Telle est la thèse générale présentée par René Girard dans l’ouvrage-fondation de son œuvre. Il est impossible ici de rendre compte des illustrations très nombreuses, tirées d’à peu près toutes les traditions humaines, qui émaillent son travail et permettent d’en vérifier l’exactitude. Qu’il suffise de dire que les similitudes relevées par Girard dans la Bible, les mythes grecs et les traditions exotiques, s’agissant du sacrifice, sont si nombreuses et si évidentes, que le lecteur ne peut qu’être convaincu de la justesse globale de la thèse défendue.


*


La fin de « La violence et le sacré » est consacrée à une critique du freudisme. Pour Girard, Freud, par son pansexualisme, s’est dissimulé à lui-même le caractère mimétique du lien père/fils, pour centrer l’ensemble de la psychanalyse sur le complexe d’Œdipe. Girard répond : le fils veut être le père à la place du père, et désirer ce que désire le père ; et la mère, au final, n’est dans cette relation principale fondatrice qu’un objet de désir parmi d’autres. Et le fils ne peut pas avoir conscience, dans la petite enfance, du fait que cette identité de désir fonde une rivalité. Ainsi, fonder l’ensemble de la psychanalyse, comme le fait Freud, sur la seule question du désir incestueux revient à mettre en avant un élément parmi d’autres, qui, dans la psyché, ne se distingue au départ en rien des autres. Et Girard de conclure qu’il faut désormais construire une autre psychanalyse : celle des rivalités mimétiques, au sens large, au sein desquelles le complexe d’Œdipe n’est qu’un des éléments structurants, parmi d’autres – une psychanalyse, aussi, qui resituera le désir possessif fils/mère au sein d’un autre désir, mimétique celui-là : fils/père. Une psychanalyse, enfin, qui permettra, en comprenant à quoi servent les interdits, de sortir de la conception issue du freudisme, conception selon laquelle la dissolution de la violence passe par la dissolution des interdits – alors que, explique Girard, c’est exactement le contraire.
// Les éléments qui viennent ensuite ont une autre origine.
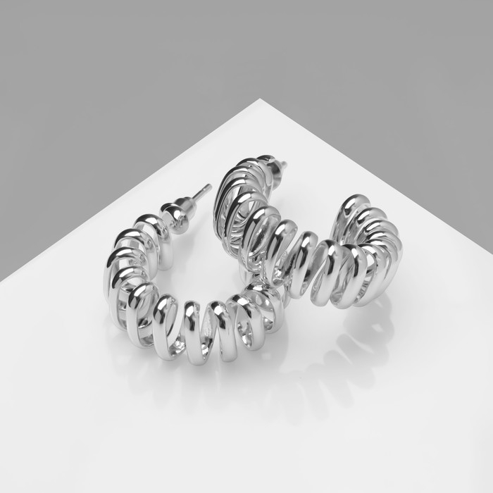 Серьги металл «Круг» пружинка, цвет серебро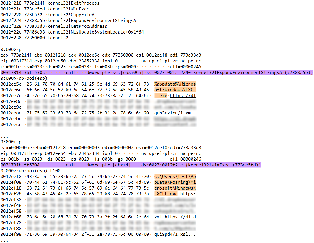 然后展开短路径,接着启动EXCEL.exe进程并传入参数,启动进程后马上退出公式编辑器进程。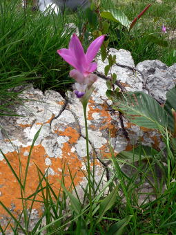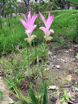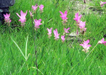 花みょうが Curucuma parviflora 今回の旅行の主役です。群生している所はとても綺麗で、白山でみたハクサンコザクラの群生を思い出しました。少し時期が遅めでしたので綺麗な個体を探すのに苦労しましたが、左上の一株で咲いているものと、右下の2株並んで咲いているものが良い状態でした。群落は規模が大きいのですが、状態の良いところを選んで撮りました。 |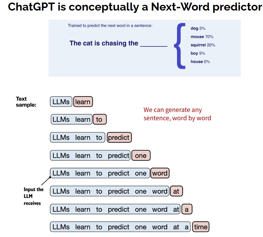 สังเกตว่าในการสร้าง 1 ประโยคมีการทำนายคำ “หลายครั้ง” ทีละคำ แสดงว่าต้องทำ classification หลายรอบ เช่น ตัวอย่างในรูปที่ 10 (ล่าง) ประโยค “LLMs learn to predict one word at a time” มี 9 คำ แสดงว่า Transformers จะต้องแก้ปัญหา Classification 9 รอบ เพื่อสร้างประโยคนี้ เป็นต้น10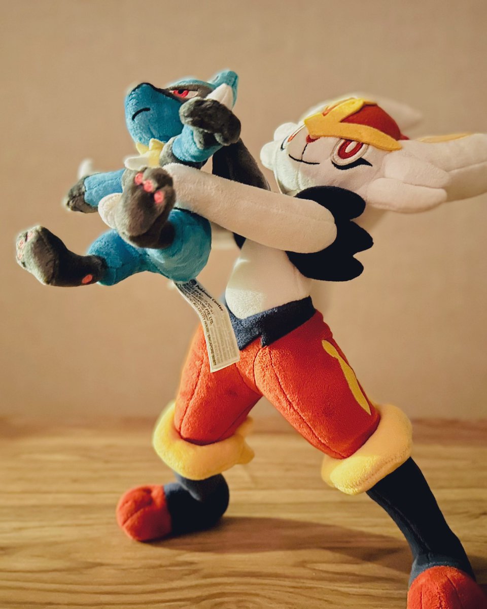 조그마한 루카리오를 안고 있는 에이스번✨ 원래 인형 세탁이 완료되면 이런식으로 사진을 찍으려고 했어요! 하지만 인형 건조가 생각보다 오래 걸리네요.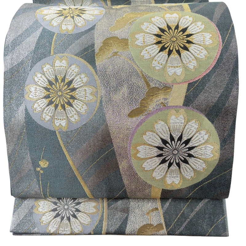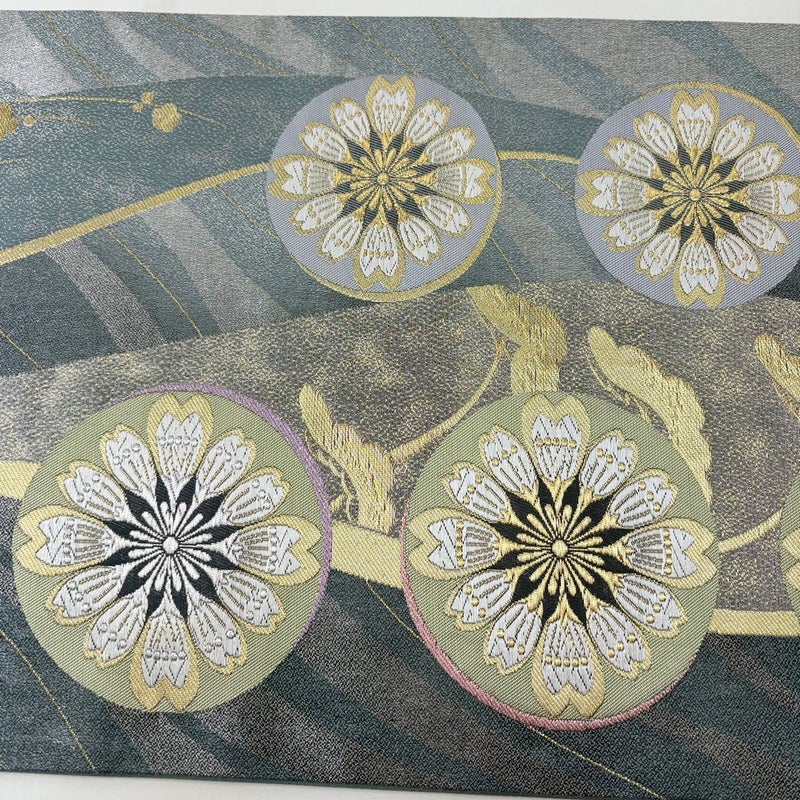 【袋帯】 灰色系 灰緑 秀品 A 帯丈436cm以上 7990-9980 美品 二万以下
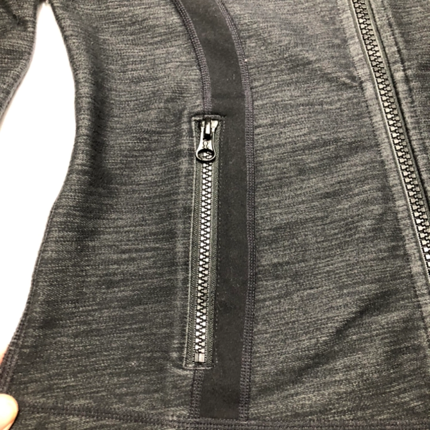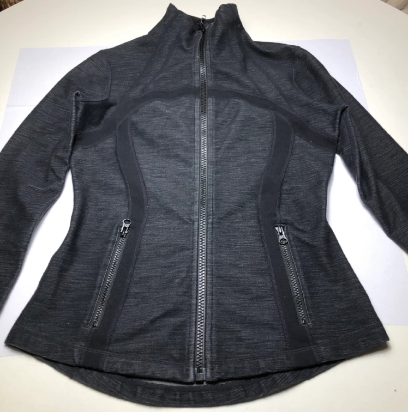 Women's Lululemon “Define” zip up hoodie. Full zip. Thumbholes. Zippered Side pockets. Dark grey heather colour.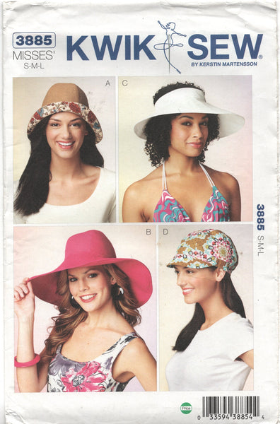 Patterns to create a bell shaped hat, wide brimmed hat, open crown hat and a lined cap.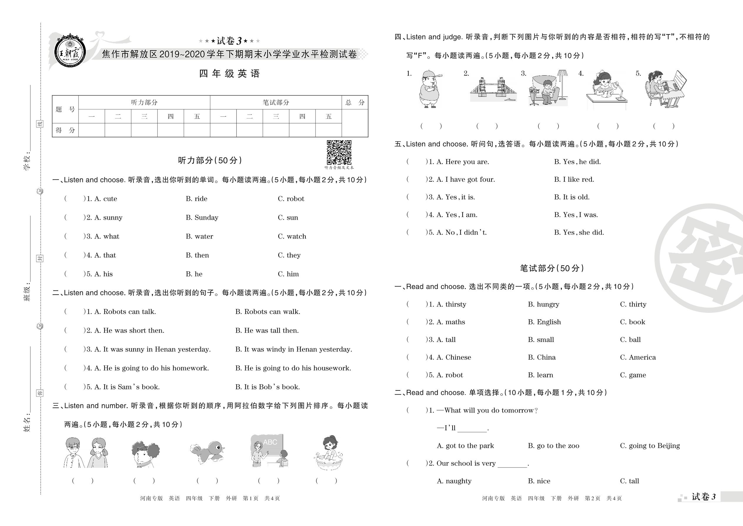 2019-2020学年第二学期焦作市解放区四年级英语试卷(外研版)【3】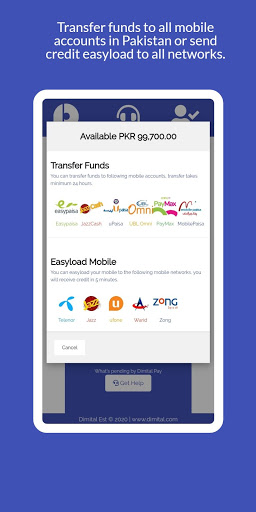Dimital Pay - a solution to transfer funds to your local mobile accounts like Easypaisa, JazzCash, uPaisa, PayMax, MobilePaisa and send Mobile Credit easyload to all Mobile Networks like Jazz, uFone, Telenor, Warid and Zong.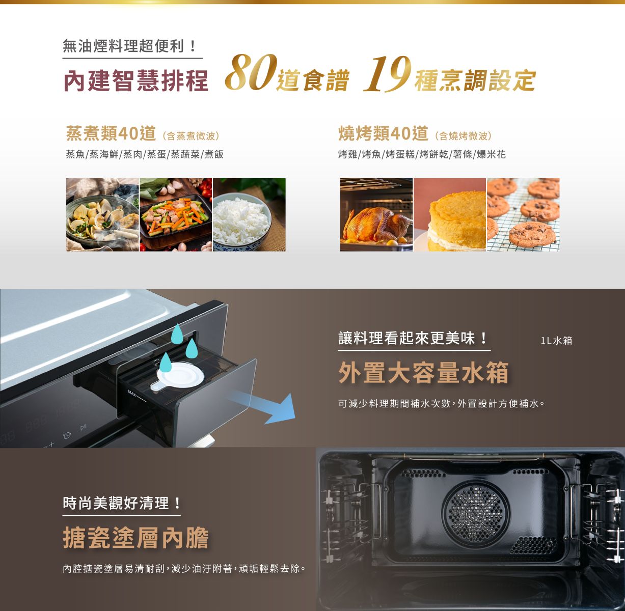 ▪ 「微波+蒸氣+燒烤」三強合一,多種烹調功能設定,打造高級時尚烹飪體驗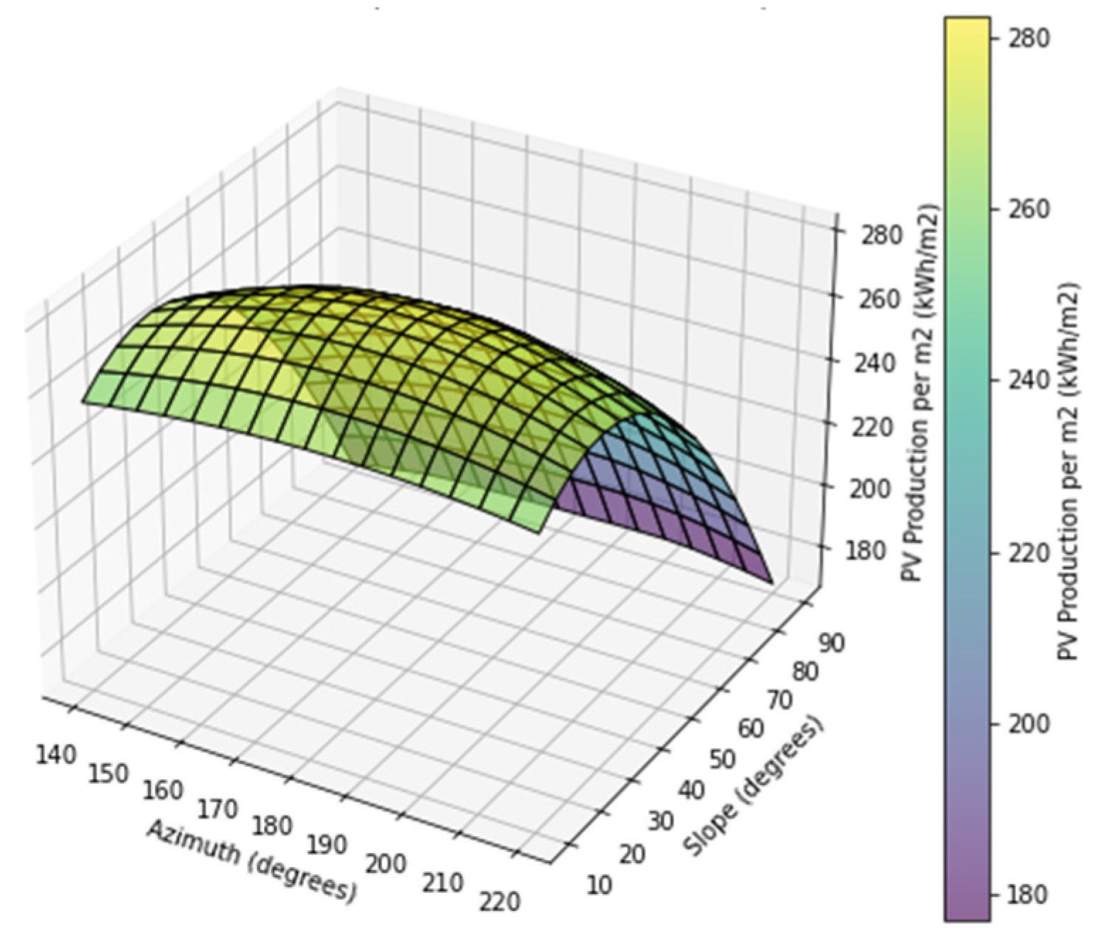 First, the photovoltaic (PV) performance under different slope and azimuth configurations was studied for Porto. For that, slopes from 10 degrees to 90 degrees and azimuths between 220 and 140 (where 180 is full-south orientation, with higher numbers indicating a westward direction) were applied to a single PV module (see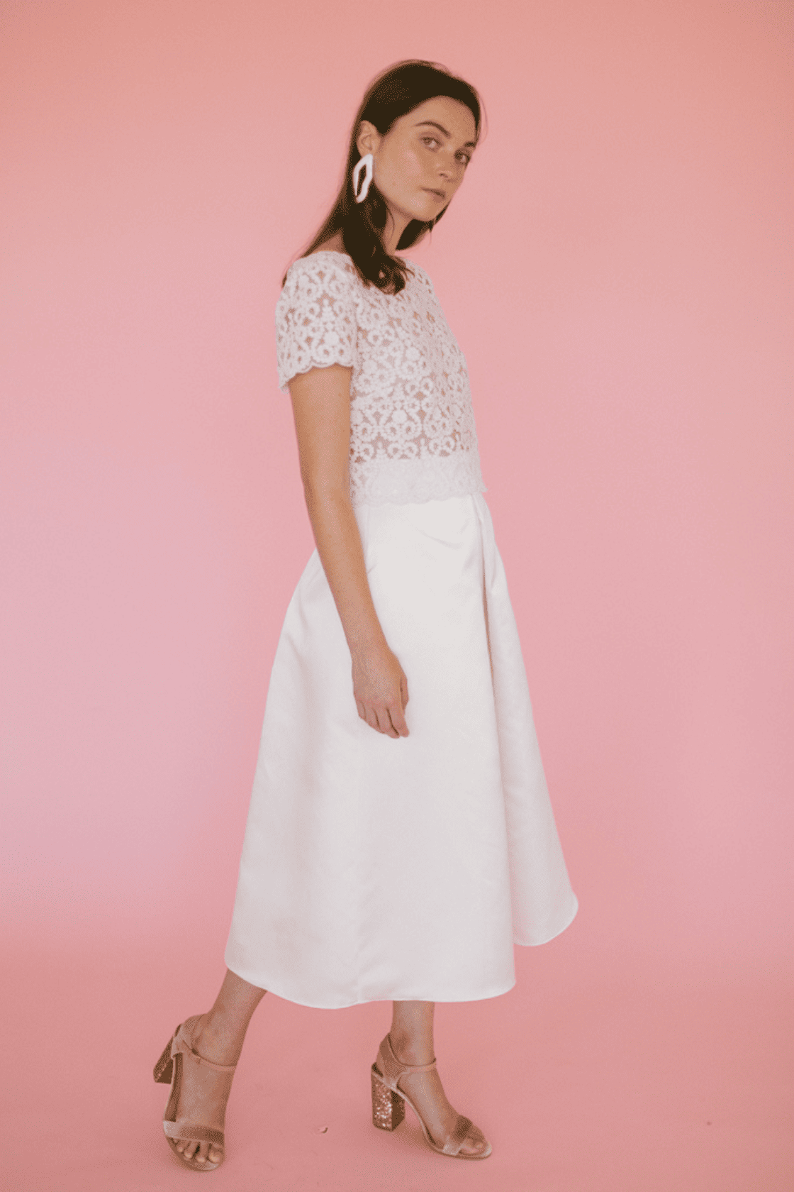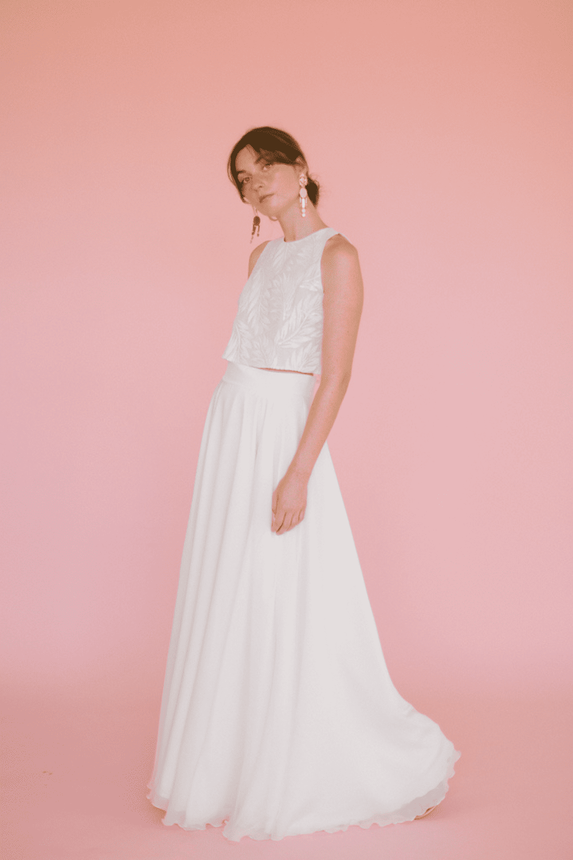 Top Loto + Falda Fresie + Sobrevestido Iris

Encore une fois, il est impossible ici d’entrer dans le détail de l’exposé final de René Girard. Le texte est si dense qu’il faudrait le recopier, on ne peut pas le synthétiser sans le trahir. Et comme il est fort long, on ne le citera pas. On incitera plutôt le lecteur de cette courte note à se reporter à l’ouvrage source, en se souvenant que l’enjeu réel du travail de Girard est énorme : il s’agit de libérer la religion du Fils de l’emprise perverse exercée par la religion de la Mère.